## [THE TASK]
Restate all of the entries exactly. Any picture in them should be skipped.

#### DATASET ENTRIES ####

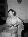 Mrs. L. C. Robinson of Hurst, Texas, is looking through her recipe book for potential Thanksgiving dishes. She makes a roast turkey and dressing that is famous in the community. She is sitting on a chair, wearing a button-up dress.
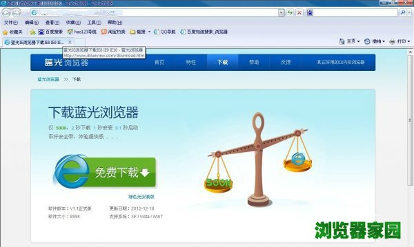 不仅如此,蓝光浏览器大小控制在500k以内,是目前为止最小的浏览器,小巧、不卡不死,让您以光的速度浏览网页!
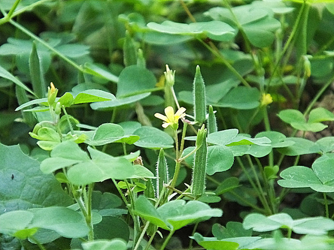 酢浆草始载于《新修本草》,为酢浆草科酢浆草属植物酢浆草Oxalis corniculata L.的全草,多年生草本,根茎细长,茎细弱,常褐色,甸甸或斜生,多分枝,被柔毛;小叶3片,倒心形,可用于制作书签;花黄色,花朵一般只在阳光下盛开;果实近圆柱形,略具5棱,有缘,像迷你版小秋葵,味酸,可少量食用;果实成熟时会弹裂,种子深褐色,近卵形而扁,有纵槽纹;花期5-8月,果期6-9月;由于它的外观非常漂亮,也有人会将其挖回家做盆栽,目前网上也有专门出售酢浆草盆栽的商家。
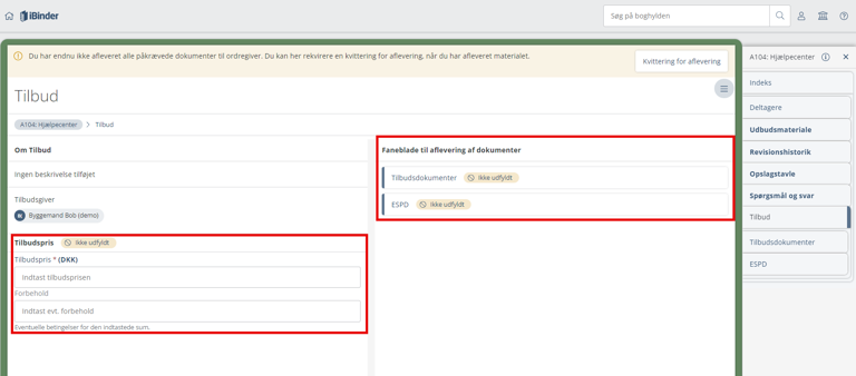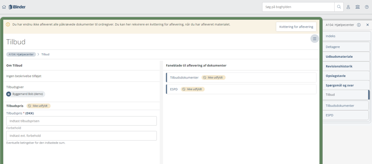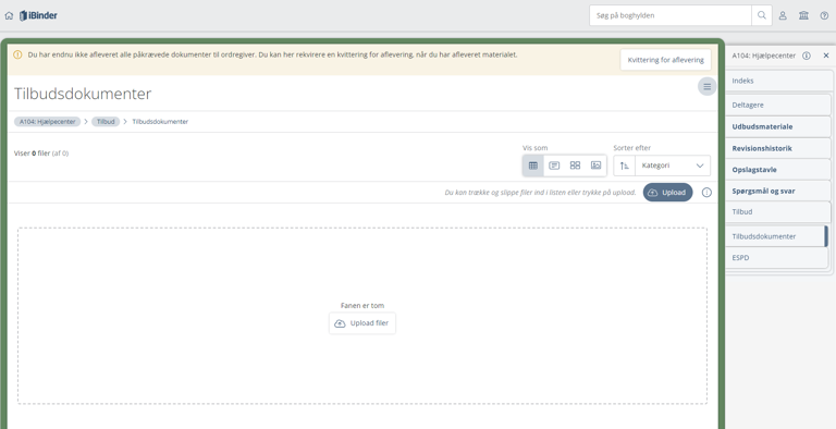 Inden afleveringsfristen kan du uploade dit tilbud, ved at tilgå fanen "Tilbud".
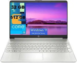 HP 15 Laptop, 15.6" FHD (1920 x 1080) Display, Intel Core i3-1215U 6 Cores Processor, Intel UHD Graphics, 32GB DDR4  512GB PCIe SSD, Fingerprint Reader, Webcam, SD Card Reader, Wi-Fi, Windows 11 Pro
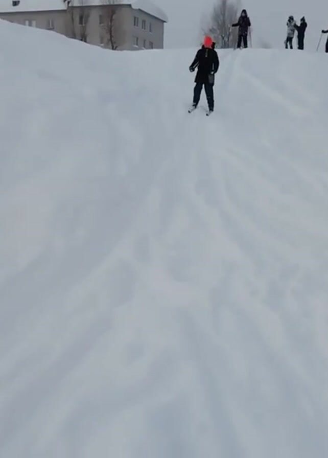 person skiing down a snow-covered hill. The skier is wearing a black outfit and a red hat. Other people are standing at the top of the hill. The skier falls down. Ski poles and tips of the skis are visible after the fall. The background includes a building and trees. The sky is overcast.
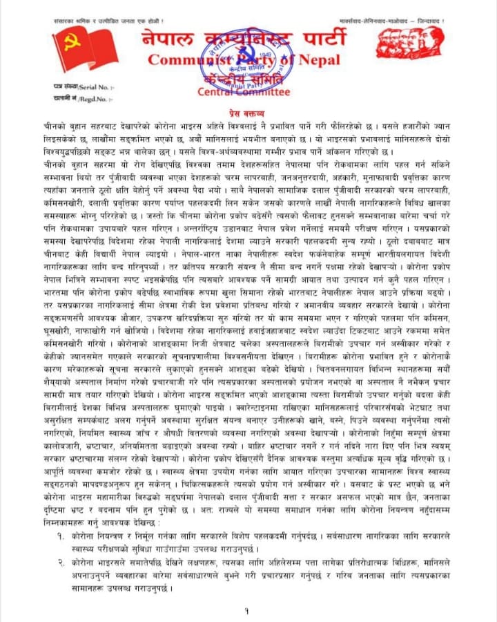 ‘कोरोना आशंकामा निजी क्षेत्रबाट चलेका अस्पतालहरुले बिरामीको उपचार गर्न अस्वीकार गरेको र केहीको ज्यान समेत गएकाले सरकारको सूचनाप्रणालीमा विश्वसनीयता देखिएन’, विप्लवको विज्ञप्तिमा भनिएको छ, ‘बिरामीहरु कोरोना प्रभावित हुने र कोरोनाकै कारण मरेकाहरुको सूचना सरकारले लुकाएको हुनसक्ने आशंका बढेको देखियो ।’
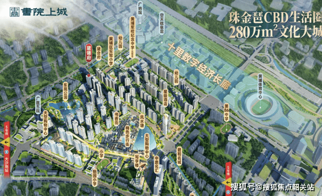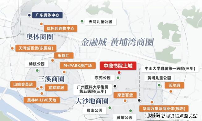 中鼎书院上城位于广州市黄埔区,是一个总建筑规模达到280万㎡的超大体量城市综合体项目。作为老黄埔板块的重要组成部分,该项目不仅拥有丰富的教育资源,还在交通、商业、医疗等多个方面提供了全面的生活配套服务,适配于各类置业人群的需求。
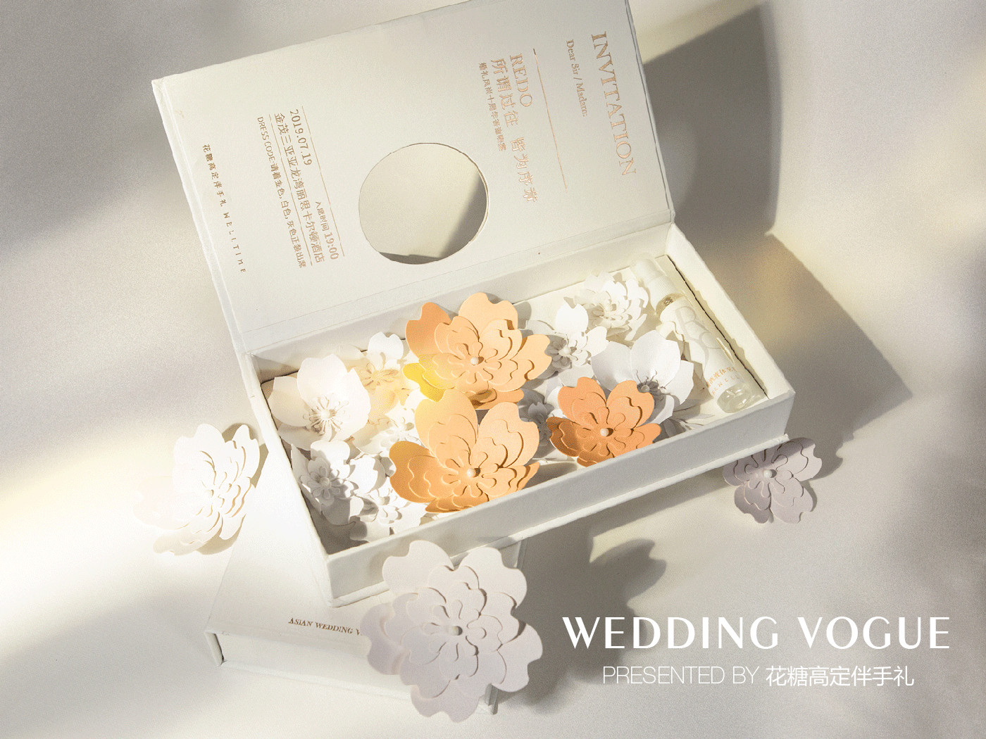 距离“2019亚洲婚礼风尚盛典”开幕已剩下短短数日,近期由花糖高定伴手礼(以下简称;花糖)制作的“2019亚洲婚礼风尚邀请函”陆陆续续从婚礼风尚的手中传递给每一位参与盛典的合作伙伴。

####

## [EXERCISE RESPONSE]
 Mrs. L. C. Robinson of Hurst, Texas, is looking through her recipe book for potential Thanksgiving dishes. She makes a roast turkey and dressing that is famous in the community. She is sitting on a chair, wearing a button-up dress.
 不仅如此,蓝光浏览器大小控制在500k以内,是目前为止最小的浏览器,小巧、不卡不死,让您以光的速度浏览网页!
 酢浆草始载于《新修本草》,为酢浆草科酢浆草属植物酢浆草Oxalis corniculata L.的全草,多年生草本,根茎细长,茎细弱,常褐色,甸甸或斜生,多分枝,被柔毛;小叶3片,倒心形,可用于制作书签;花黄色,花朵一般只在阳光下盛开;果实近圆柱形,略具5棱,有缘,像迷你版小秋葵,味酸,可少量食用;果实成熟时会弹裂,种子深褐色,近卵形而扁,有纵槽纹;花期5-8月,果期6-9月;由于它的外观非常漂亮,也有人会将其挖回家做盆栽,目前网上也有专门出售酢浆草盆栽的商家。
 Inden afleveringsfristen kan du uploade dit tilbud, ved at tilgå fanen "Tilbud".
 HP 15 Laptop, 15.6" FHD (1920 x 1080) Display, Intel Core i3-1215U 6 Cores Processor, Intel UHD Graphics, 32GB DDR4  512GB PCIe SSD, Fingerprint Reader, Webcam, SD Card Reader, Wi-Fi, Windows 11 Pro
 person skiing down a snow-covered hill. The skier is wearing a black outfit and a red hat. Other people are standing at the top of the hill. The skier falls down. Ski poles and tips of the skis are visible after the fall. The background includes a building and trees. The sky is overcast.
 ‘कोरोना आशंकामा निजी क्षेत्रबाट चलेका अस्पतालहरुले बिरामीको उपचार गर्न अस्वीकार गरेको र केहीको ज्यान समेत गएकाले सरकारको सूचनाप्रणालीमा विश्वसनीयता देखिएन’, विप्लवको विज्ञप्तिमा भनिएको छ, ‘बिरामीहरु कोरोना प्रभावित हुने र कोरोनाकै कारण मरेकाहरुको सूचना सरकारले लुकाएको हुनसक्ने आशंका बढेको देखियो ।’
 中鼎书院上城位于广州市黄埔区,是一个总建筑规模达到280万㎡的超大体量城市综合体项目。作为老黄埔板块的重要组成部分,该项目不仅拥有丰富的教育资源,还在交通、商业、医疗等多个方面提供了全面的生活配套服务,适配于各类置业人群的需求。
 距离“2019亚洲婚礼风尚盛典”开幕已剩下短短数日,近期由花糖高定伴手礼(以下简称;花糖)制作的“2019亚洲婚礼风尚邀请函”陆陆续续从婚礼风尚的手中传递给每一位参与盛典的合作伙伴。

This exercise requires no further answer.